=== Section Start ===
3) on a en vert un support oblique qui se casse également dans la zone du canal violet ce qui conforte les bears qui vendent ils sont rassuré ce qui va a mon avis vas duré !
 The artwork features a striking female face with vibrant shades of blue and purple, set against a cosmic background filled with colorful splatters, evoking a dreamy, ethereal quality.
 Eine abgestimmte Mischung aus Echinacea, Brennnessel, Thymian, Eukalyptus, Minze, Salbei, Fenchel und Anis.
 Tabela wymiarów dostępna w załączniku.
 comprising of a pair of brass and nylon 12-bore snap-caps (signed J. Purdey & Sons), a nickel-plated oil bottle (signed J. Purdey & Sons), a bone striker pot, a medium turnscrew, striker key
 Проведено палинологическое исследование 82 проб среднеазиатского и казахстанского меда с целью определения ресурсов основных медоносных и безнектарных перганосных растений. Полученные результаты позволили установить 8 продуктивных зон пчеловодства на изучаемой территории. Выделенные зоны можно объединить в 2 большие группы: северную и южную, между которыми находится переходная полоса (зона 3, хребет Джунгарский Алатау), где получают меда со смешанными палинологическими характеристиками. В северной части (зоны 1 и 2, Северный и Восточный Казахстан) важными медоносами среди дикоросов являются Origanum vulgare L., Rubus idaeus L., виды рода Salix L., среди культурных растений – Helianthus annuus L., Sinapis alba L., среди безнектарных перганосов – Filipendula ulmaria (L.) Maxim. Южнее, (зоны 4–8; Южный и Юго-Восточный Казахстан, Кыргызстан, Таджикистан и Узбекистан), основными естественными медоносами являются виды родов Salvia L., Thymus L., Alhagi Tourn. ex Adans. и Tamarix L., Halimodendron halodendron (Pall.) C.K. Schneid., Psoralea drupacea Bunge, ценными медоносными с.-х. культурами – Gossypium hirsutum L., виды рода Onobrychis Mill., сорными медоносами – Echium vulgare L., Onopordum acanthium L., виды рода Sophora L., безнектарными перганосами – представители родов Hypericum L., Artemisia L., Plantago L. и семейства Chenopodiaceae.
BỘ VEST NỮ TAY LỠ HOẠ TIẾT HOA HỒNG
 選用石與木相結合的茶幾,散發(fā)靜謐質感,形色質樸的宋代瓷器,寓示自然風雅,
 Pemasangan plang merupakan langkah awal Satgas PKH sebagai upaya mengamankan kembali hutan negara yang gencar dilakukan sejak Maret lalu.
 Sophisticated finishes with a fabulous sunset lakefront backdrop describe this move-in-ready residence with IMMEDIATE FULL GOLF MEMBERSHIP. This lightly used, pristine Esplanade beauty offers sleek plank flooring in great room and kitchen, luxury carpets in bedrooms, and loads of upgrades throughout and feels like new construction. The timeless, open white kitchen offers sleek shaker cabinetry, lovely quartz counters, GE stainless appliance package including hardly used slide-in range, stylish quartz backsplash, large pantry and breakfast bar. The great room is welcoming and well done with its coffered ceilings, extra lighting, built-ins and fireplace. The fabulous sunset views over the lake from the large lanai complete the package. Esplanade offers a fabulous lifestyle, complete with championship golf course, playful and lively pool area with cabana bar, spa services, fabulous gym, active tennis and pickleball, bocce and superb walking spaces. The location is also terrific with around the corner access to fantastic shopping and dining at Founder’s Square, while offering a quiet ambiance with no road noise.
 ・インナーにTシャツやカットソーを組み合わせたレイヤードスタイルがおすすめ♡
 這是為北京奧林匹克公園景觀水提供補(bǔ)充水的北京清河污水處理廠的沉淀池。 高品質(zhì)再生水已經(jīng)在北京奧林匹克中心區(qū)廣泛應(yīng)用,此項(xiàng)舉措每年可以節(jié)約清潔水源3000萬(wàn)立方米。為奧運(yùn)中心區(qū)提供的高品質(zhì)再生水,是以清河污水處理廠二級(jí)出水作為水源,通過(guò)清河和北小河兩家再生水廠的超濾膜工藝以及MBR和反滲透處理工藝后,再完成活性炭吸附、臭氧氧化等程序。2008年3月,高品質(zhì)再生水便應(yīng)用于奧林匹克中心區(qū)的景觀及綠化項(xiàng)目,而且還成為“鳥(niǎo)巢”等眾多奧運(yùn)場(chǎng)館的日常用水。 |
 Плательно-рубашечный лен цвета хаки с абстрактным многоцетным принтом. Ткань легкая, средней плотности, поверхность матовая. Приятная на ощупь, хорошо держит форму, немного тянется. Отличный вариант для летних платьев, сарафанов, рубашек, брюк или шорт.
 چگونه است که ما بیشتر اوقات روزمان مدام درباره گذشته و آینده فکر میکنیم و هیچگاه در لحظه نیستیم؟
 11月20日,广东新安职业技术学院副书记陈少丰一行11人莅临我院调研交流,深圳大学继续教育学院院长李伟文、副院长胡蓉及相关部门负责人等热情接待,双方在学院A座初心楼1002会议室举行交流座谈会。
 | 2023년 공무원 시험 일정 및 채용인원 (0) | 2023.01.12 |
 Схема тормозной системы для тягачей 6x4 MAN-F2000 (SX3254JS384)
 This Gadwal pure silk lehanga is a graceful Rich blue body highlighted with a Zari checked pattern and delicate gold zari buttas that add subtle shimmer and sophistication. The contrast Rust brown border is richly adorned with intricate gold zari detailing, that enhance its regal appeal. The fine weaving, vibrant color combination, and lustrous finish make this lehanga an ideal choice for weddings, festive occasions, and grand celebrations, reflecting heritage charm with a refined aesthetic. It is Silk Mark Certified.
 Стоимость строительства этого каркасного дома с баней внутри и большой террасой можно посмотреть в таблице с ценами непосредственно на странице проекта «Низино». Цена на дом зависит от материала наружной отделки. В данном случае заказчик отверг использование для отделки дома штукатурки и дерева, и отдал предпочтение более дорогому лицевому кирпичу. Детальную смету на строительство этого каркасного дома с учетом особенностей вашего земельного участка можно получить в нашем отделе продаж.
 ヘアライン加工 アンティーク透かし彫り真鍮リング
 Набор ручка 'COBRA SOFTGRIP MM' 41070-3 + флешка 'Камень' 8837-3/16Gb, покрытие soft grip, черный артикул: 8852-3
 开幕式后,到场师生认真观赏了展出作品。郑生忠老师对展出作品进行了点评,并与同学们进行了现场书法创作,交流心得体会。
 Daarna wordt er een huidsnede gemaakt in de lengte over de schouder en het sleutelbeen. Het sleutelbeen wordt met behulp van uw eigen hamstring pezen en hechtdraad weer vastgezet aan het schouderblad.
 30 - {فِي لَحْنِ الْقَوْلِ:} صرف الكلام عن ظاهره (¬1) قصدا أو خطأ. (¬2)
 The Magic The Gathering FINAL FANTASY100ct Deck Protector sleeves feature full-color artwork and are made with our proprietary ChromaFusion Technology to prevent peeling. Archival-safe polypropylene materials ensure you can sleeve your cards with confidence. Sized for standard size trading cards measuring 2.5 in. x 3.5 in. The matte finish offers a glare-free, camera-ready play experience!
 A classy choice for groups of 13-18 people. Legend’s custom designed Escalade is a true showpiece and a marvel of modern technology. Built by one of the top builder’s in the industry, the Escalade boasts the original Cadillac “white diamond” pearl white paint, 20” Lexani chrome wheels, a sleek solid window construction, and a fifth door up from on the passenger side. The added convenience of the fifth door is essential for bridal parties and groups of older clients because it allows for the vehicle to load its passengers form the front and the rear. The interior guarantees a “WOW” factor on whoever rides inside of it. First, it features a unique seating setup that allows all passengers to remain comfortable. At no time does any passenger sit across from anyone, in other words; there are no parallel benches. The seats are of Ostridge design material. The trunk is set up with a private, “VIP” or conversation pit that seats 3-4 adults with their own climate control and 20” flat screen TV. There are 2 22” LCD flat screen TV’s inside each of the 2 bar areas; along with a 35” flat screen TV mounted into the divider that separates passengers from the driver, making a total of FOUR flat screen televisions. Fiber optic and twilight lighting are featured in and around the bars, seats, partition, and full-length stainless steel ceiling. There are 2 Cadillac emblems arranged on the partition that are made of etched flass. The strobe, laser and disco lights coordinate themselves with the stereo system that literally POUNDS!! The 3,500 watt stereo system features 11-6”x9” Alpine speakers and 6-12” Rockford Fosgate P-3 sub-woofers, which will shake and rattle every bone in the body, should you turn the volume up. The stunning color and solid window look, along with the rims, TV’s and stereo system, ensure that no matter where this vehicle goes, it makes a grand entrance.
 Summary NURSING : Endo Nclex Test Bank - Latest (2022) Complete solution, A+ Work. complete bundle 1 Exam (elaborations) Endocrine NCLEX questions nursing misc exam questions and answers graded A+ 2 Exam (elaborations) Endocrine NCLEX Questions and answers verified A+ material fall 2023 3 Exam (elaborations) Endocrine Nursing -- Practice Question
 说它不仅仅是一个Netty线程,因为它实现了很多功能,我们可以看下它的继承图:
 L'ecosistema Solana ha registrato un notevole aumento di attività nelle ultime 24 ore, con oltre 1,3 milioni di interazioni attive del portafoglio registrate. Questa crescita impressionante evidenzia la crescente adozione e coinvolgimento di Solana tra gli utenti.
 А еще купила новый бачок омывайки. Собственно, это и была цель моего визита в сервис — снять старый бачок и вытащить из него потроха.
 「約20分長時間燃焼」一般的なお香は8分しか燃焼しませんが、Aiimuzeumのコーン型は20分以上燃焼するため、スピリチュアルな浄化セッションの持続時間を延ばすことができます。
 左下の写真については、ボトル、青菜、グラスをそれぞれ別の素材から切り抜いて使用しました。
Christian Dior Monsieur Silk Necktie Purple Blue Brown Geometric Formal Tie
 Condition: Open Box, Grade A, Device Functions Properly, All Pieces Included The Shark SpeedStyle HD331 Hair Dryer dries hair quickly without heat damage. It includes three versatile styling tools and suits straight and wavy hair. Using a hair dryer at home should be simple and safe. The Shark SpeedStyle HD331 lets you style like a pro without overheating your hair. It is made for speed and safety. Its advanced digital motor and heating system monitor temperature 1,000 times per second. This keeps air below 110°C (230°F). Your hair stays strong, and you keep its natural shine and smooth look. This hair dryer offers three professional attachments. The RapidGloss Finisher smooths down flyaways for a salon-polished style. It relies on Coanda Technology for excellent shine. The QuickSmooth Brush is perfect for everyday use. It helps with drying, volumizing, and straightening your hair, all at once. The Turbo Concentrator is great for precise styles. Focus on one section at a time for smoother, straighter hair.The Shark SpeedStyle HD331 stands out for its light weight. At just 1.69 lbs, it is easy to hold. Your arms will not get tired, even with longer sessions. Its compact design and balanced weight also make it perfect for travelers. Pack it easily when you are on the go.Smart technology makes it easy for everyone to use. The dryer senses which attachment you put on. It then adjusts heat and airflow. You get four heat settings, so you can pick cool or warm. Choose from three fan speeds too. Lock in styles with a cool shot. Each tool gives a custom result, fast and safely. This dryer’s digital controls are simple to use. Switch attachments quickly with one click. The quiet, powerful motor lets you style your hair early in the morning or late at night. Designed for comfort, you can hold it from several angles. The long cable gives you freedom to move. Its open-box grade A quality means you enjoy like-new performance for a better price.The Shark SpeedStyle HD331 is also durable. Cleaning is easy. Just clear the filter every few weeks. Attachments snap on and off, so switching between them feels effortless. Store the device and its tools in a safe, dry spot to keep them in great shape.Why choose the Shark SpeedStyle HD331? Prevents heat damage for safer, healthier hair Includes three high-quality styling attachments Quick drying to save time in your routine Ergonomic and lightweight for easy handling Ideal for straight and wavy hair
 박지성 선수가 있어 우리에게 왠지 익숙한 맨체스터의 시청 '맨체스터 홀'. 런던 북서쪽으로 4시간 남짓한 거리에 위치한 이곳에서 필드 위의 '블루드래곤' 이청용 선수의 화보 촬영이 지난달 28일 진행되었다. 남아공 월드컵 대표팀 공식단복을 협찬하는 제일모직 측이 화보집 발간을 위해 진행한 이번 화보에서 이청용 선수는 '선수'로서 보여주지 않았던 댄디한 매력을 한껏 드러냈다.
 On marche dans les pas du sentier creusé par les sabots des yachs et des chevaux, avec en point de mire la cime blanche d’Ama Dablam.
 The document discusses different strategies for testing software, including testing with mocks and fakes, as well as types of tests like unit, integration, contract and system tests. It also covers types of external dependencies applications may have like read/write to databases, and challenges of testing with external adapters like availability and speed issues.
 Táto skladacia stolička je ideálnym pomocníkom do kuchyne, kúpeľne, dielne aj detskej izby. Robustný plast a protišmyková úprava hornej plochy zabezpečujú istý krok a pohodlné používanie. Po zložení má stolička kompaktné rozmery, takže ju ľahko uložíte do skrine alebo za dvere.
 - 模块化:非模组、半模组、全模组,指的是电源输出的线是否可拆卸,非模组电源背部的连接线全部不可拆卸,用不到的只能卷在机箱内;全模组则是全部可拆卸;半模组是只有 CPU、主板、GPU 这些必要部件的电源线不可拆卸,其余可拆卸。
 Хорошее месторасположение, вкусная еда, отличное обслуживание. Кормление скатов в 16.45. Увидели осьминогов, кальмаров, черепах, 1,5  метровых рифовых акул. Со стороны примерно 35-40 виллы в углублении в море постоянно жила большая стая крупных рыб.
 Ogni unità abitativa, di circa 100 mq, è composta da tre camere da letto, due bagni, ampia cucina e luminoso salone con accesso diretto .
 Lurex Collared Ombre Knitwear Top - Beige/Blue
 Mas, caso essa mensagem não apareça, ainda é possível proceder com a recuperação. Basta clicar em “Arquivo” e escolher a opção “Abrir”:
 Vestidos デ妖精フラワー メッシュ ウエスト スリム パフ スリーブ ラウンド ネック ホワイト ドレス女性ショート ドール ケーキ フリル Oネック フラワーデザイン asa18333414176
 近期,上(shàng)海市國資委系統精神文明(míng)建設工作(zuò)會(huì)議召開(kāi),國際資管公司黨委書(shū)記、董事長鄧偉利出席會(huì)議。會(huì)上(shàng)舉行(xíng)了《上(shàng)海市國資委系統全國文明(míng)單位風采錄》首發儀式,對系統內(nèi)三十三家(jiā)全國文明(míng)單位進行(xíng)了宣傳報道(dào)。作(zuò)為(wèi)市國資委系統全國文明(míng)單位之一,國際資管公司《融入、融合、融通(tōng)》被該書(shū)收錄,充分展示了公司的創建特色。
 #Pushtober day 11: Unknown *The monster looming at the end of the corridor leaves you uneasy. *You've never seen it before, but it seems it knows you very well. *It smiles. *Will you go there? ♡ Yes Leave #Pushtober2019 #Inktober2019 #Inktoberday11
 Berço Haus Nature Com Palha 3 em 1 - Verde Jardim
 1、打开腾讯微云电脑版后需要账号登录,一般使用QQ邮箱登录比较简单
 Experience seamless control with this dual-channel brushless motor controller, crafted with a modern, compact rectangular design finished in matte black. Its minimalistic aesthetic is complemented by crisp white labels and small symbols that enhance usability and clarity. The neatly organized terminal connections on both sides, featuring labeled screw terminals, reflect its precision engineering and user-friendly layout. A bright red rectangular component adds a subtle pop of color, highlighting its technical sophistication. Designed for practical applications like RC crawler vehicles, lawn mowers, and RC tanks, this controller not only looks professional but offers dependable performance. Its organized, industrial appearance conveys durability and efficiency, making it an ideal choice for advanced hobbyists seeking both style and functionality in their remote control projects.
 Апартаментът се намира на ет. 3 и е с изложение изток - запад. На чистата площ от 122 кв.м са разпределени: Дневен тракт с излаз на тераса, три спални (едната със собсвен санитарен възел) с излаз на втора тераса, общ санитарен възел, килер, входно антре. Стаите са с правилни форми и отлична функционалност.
=== Section End ===
- _PROBLEM REQUIREMENTS_
Give back the listing exactly, please, from its first line to the line containing "Tabela wymiarów dostępna w załączniku.", inclusive, and nothing past that line.

- _SOLUTION TO THE PROBLEM_
3) on a en vert un support oblique qui se casse également dans la zone du canal violet ce qui conforte les bears qui vendent ils sont rassuré ce qui va a mon avis vas duré !
 The artwork features a striking female face with vibrant shades of blue and purple, set against a cosmic background filled with colorful splatters, evoking a dreamy, ethereal quality.
 Eine abgestimmte Mischung aus Echinacea, Brennnessel, Thymian, Eukalyptus, Minze, Salbei, Fenchel und Anis.
 Tabela wymiarów dostępna w załączniku.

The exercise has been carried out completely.